Interface to rq.fit and rq.wfit for fitting dynamic linear
quantile regression models. The interface is based very closely
on Achim Zeileis's dynlm package. In effect, this is mainly
“syntactic sugar” for formula processing, but one should never underestimate
the value of good, natural sweeteners.
a "formula" describing the linear model to be fit.
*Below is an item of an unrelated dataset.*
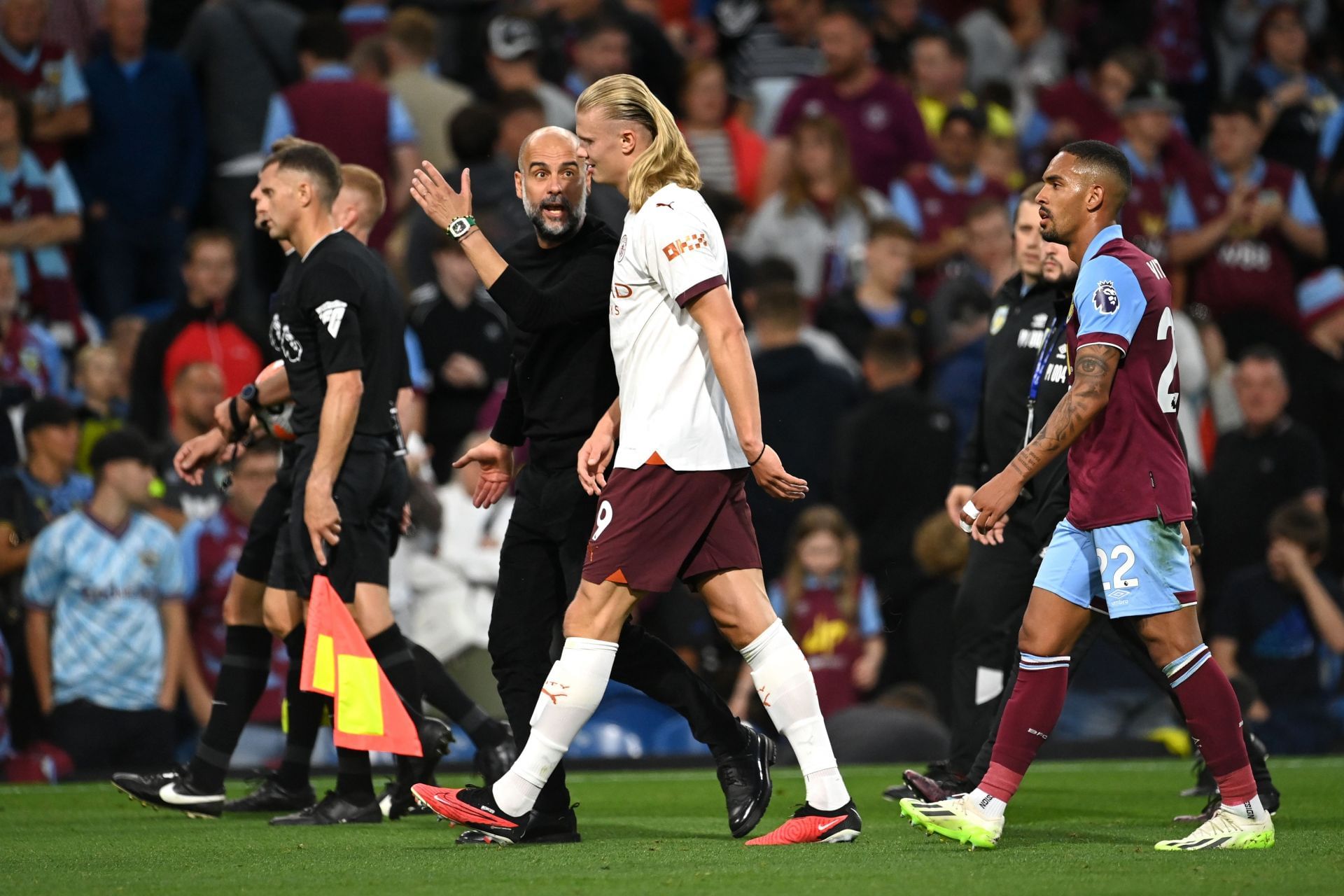 Erling Haaland put Manchester City ahead in just the fourth minute with his very first touch of the new season. Kevin De Bruyne sent a superb cross into the Burnley box which Rodri headed down towards the City striker. He made no mistake in firing Guardiola's side 1-0 up.

For details see below and rq.
tau
the quantile(s) to be estimated, may be vector valued, but all
all values must be in (0,1).
data
an optional "data.frame" or time series object (e.g.,
"ts" or "zoo"), containing the variables
in the model. If not found in data, the variables are taken
from environment(formula), typically the environment from which
rq is called.
subset
an optional vector specifying a subset of observations
to be used in the fitting process.
weights
an optional vector of weights to be used
in the fitting process. If specified, weighted least squares is used
with weights weights (that is, minimizing sum(w*e^2));
otherwise ordinary least squares is used.
na.action
a function which indicates what should happen
when the data contain NAs. The default is set by
the na.action setting of options, and is
na.fail if that is unset. The “factory-fresh”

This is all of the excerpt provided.